50 years of wild, tranquil and timeless atmosphere of The Dales Way - Roger Ratcliffe

The Dales Way turns 50 this year. Picture by Roger Ratcliffe.
The Dales Way turns 50 this year. Picture by Roger Ratcliffe.

At a remote cafe on the Pennine watershed between Yorkshire and Cumbria are two paid-for cups of tea. However, in the extremely improbable event that the teas I left in the farm at Cam Houses are still on the table they will certainly be undrinkable after more than 20 years.

I bought the teas while walking the Dales Way trail from Ilkley to Windermere, intending them for two walkers I had spent an enjoyable evening with at a B&B in Upper Wharfedale. The following morning I had set off ahead of them and – well and truly soaked to the skin after a heavy shower – and so I was glad to reach the cafe at Cam Houses sheep farm, at 1,500ft up on some of Yorkshire’s wildest moorland.
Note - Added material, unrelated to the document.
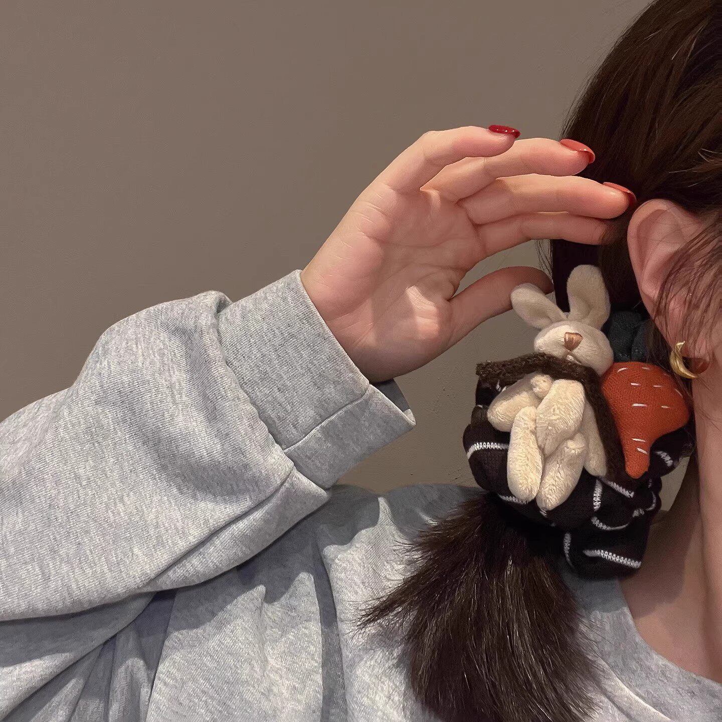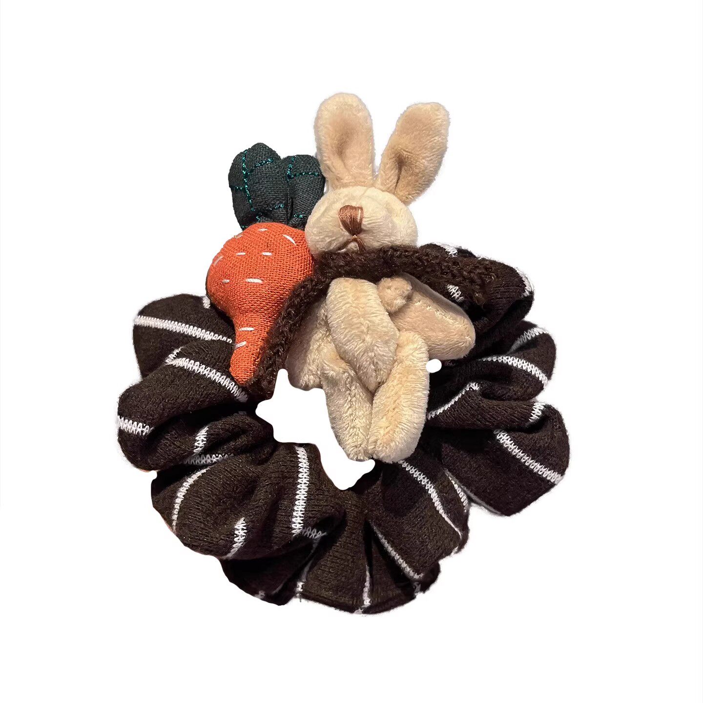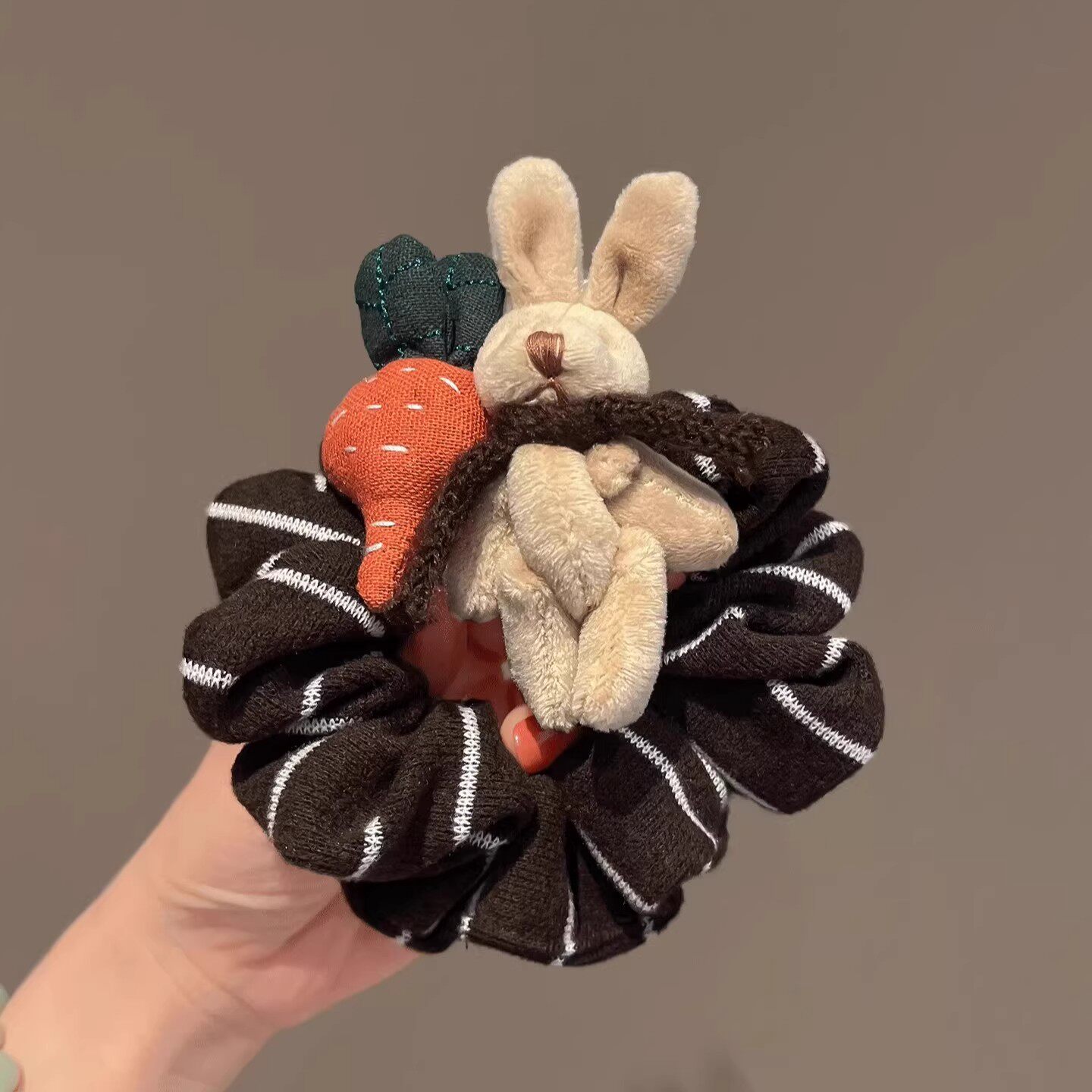 📚 毛绒萝卜兔棕色针织布艺发圈秋冬新款可爱百搭肠圈发绳扎马尾头绳

As I was leaving I could see the couple further down the hill and decided to buy cups of tea for them before I continued the route. But that night, when we ran into each other again at the next B&B in Dentdale, they made no mention of the teas. It turned out they had marched straight past the farm.

I remembered this incident on hearing that 2019 is the 50th anniversary of the Dales Way footpath, because it is the memories of the people you meet and the experiences you have along the way of a long-distance walk, as much as the photographs of the scenery, that you take home.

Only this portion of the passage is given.